The landscape has always been a recurring theme and subject in art, commonly accepted as a truthful representation of our surrounding environment. But the landscape is rarely entirely natural. It is, rather, a social, political, and cultural construction that includes much more than the expanse of land and water that our eyes can see. Art, in its capacity to question and address the complexities of human existence, can help us understand and undo these layered structures.

The 2022 Focus section, titled Landscape Undone, features artists that examine the intersectionality of issues surrounding the environment, focusing on personal and political climates as they interact with race, gender, and power. In these South-South ecologies, the landscape is simultaneously physical, psychological, and geographic—a human and non-human entity—where a range of historical and cultural processes collide. Through abstract, representational, and materially driven approaches, the artists whose work is featured in this section all address the natural and the built environment as a personal yet public territory loaded with the legacies of racism and colonialism.
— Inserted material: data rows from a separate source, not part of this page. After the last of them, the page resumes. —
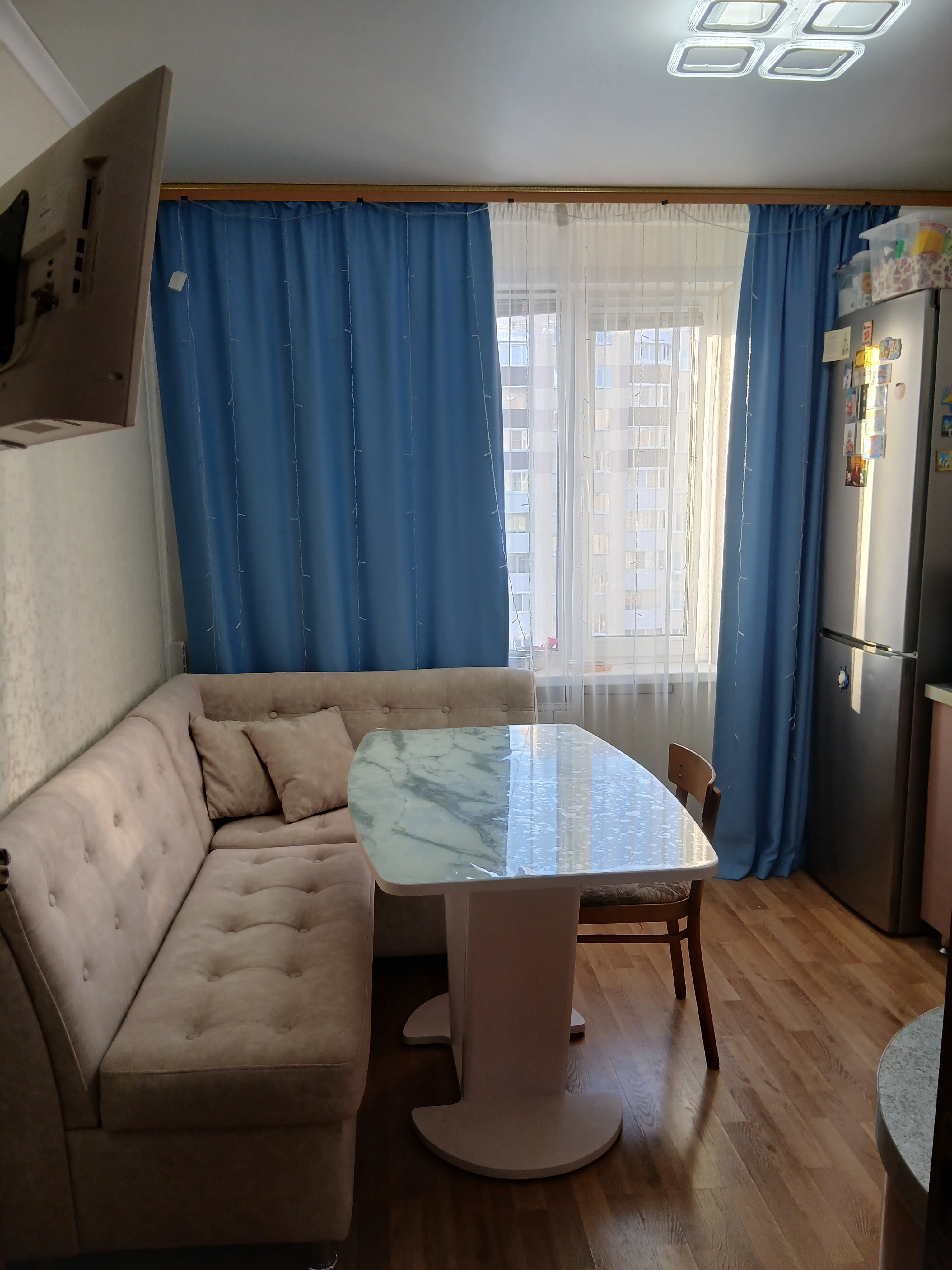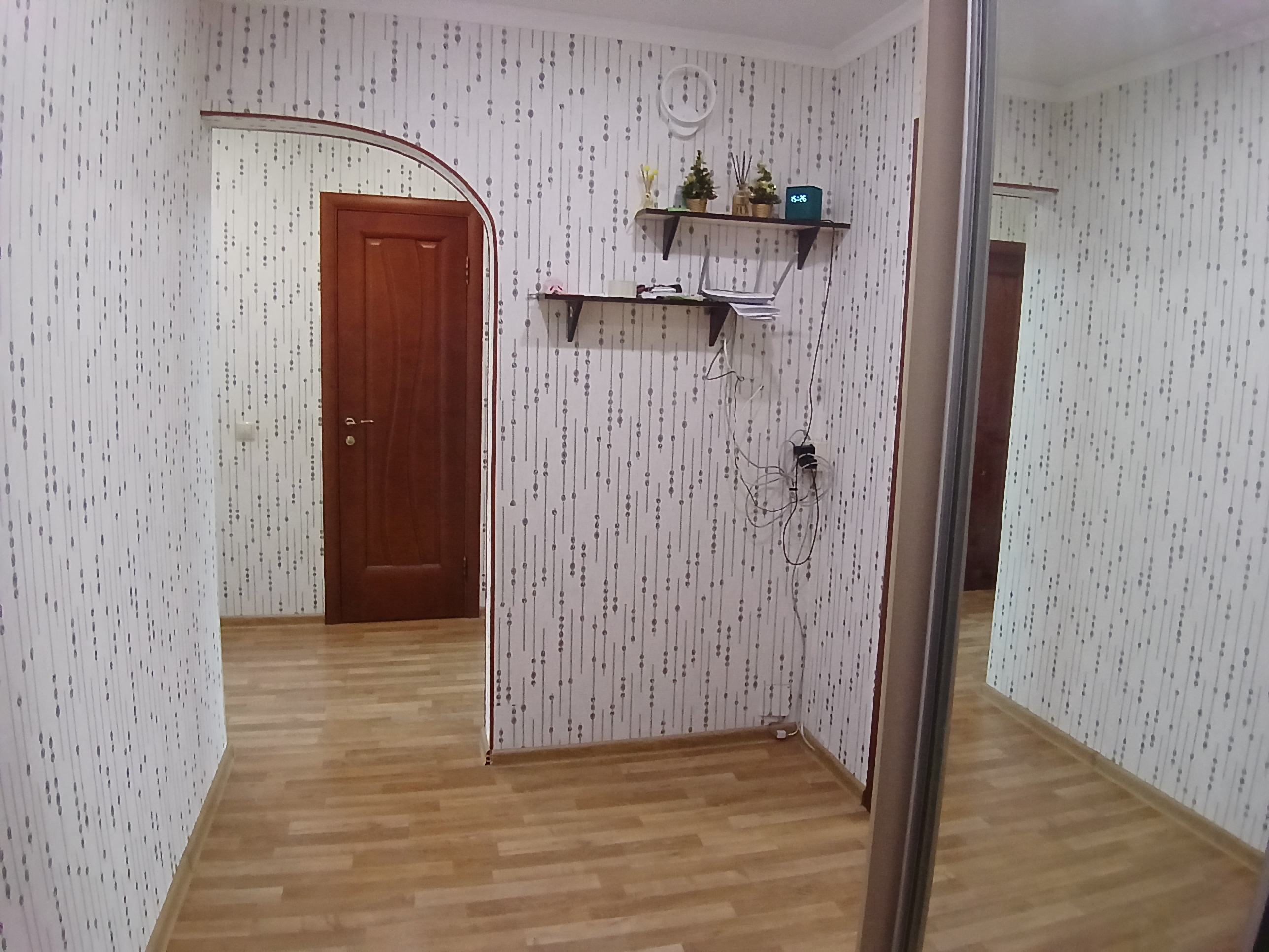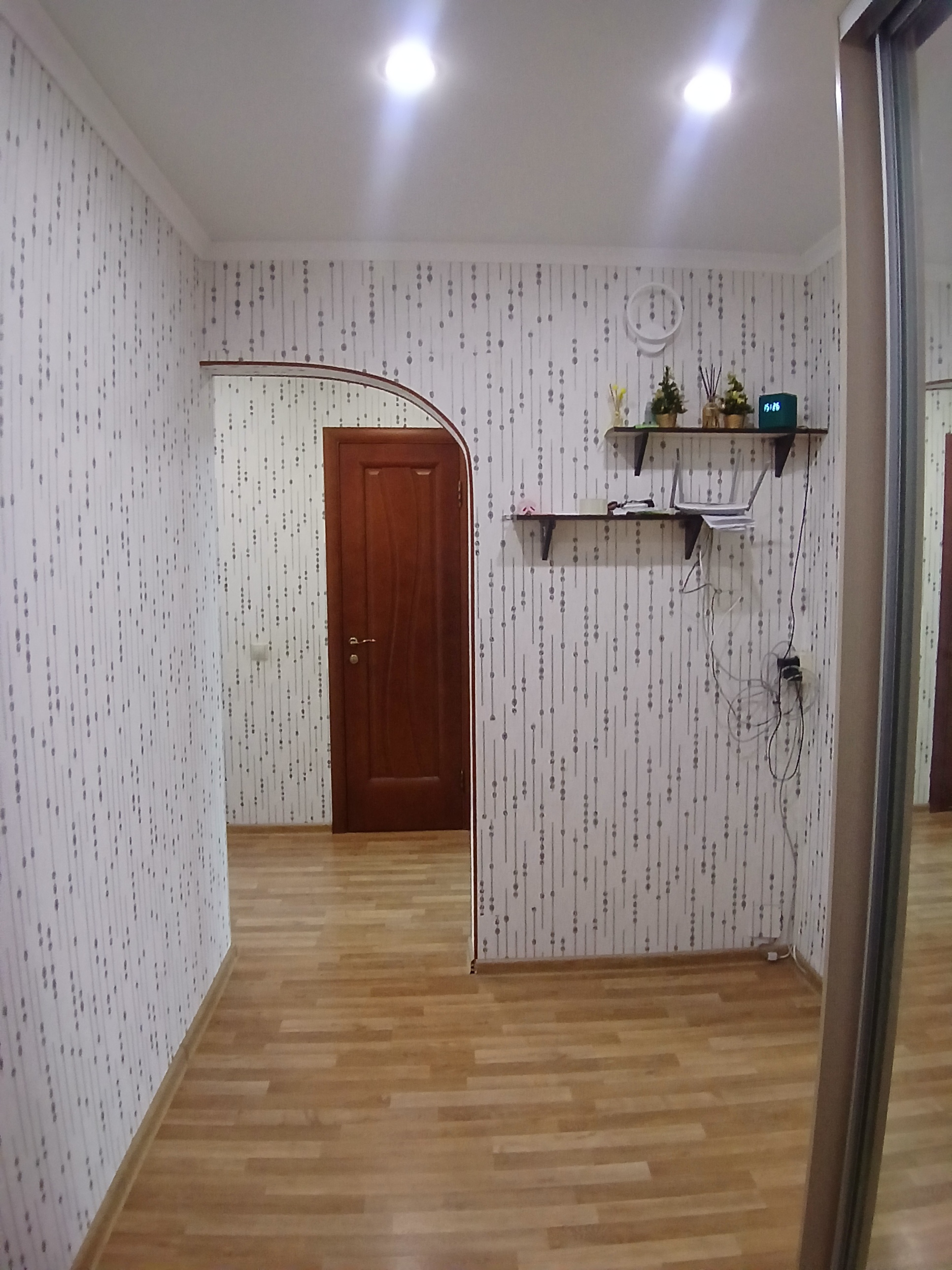 Отделка квартиры: в квартире выполнен ремонт, обои, ламинат, натяжные потолки , разводка электричества по квартире, пластиковые окна, аллюминивые радиаторы отопления, сантехника, установлен водонагреватель, установка приборов учета воды, электричества, лоджия утеплена и застеклена, межкомнатные двери, входная металлическая дверь.
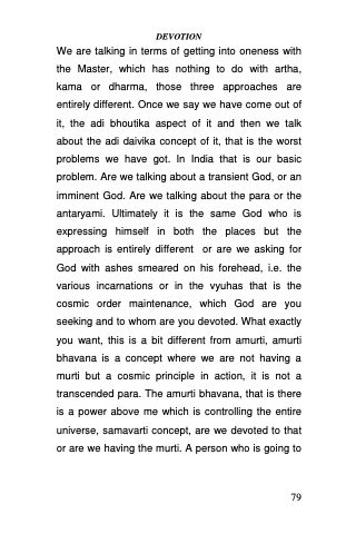 We are talking in terms of getting into oneness with the Master, which has nothing to do with artha, kama or dharma, those three approaches are entirely different. Once we say we have come out of it, the adi bhoutika aspect of it and then we talk about the adi daivika concept of it, that is the worst problems we have got. In India that is our basic problem. Are we talking about a transient God, or an imminent God. Are we talking about the para or the antaryami. Ultimately it is the same God who is expressing himself in both the places but the approach is entirely different or are we asking for God with ashes smeared on his forehead, i.e. the various incarnations or in the vyuhas that is the cosmic order maintenance, which God are you seeking and to whom are you devoted. What exactly you want, this is a bit different from amurti, amurti bhavana is a concept where we are not having a murti but a cosmic principle in action, it is not a transcended para. The amurti bhavana, that is there is a power above me which is controlling the entire universe, samavarti concept, are we devoted to that or are we having the murti. A person who is going to
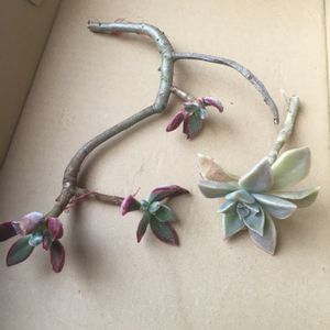 久しぶりの投稿になります。 教えて欲しい事があります。 写真の 多肉さん。旦那の実家の庭で 鉢から 飛び出すように、びよーん と 伸びてました。 義母に話したら、同じ鉢に花と一緒に寄せ植えされて居たそうです。 その後、花が終わり、庭に置いてたら 伸びたと…💦💦💦 で、この 2つだけ 分けて貰いました。 これを どうにか ちゃんとした状態で 復活させたいのですが、多肉初心者の私には さっぱり わからないので、 ここの、先輩の皆さんに教えて頂きたいです😅 どうぞ、よろしくお願いします。
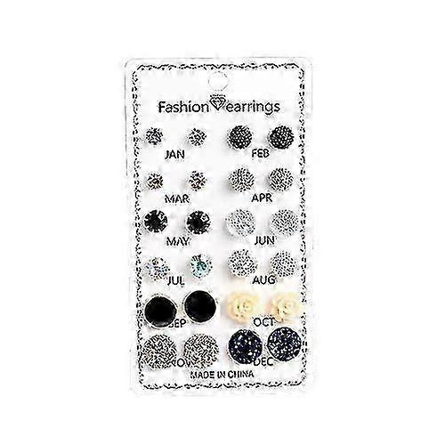 w 12 Pairs/Set Crystal Round Stud Earrings Set for Women Flowers Bow Frosted Ball Piercing Earring Kit Jewelry
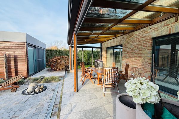 Nichée dans un environnement verdoyant et paisible, à proximité des canaux, cette superbe villa quatre façades construite en 2006 séduit dès les premiers instants par son élégance, sa luminosité et son confort de vie exceptionnel.

Mirroring the diversity of the landscape as a concept, the section features a wide array of perspectives, mediums, and approaches. Overall, their work becomes an act of undoing, allowing us to see beyond what is in front of us.

-Carla Acevedo-Yates

ALMEIDA E DALE
Presenting artist Hélio Melo


Hélio Melo worked as a rubber tapper in Acre, Brazil, performing arduous tasks that ranged from extracting rubber from trees to transporting it. A self-taught artist, writer, and musician, Melo found inspiration in Amazonian culture, referencing the myths, legends, and customs from the forest in his work. In his drawings and paintings, he depicts the symbols and codes of the Amazonian universe alongside scenes that portray his experiences as a rubber tapper. Marked by learning in nature and from the indigenous populations, Melo’s work highlights the symbolic dimension of the social and ecological conflicts still present in the region.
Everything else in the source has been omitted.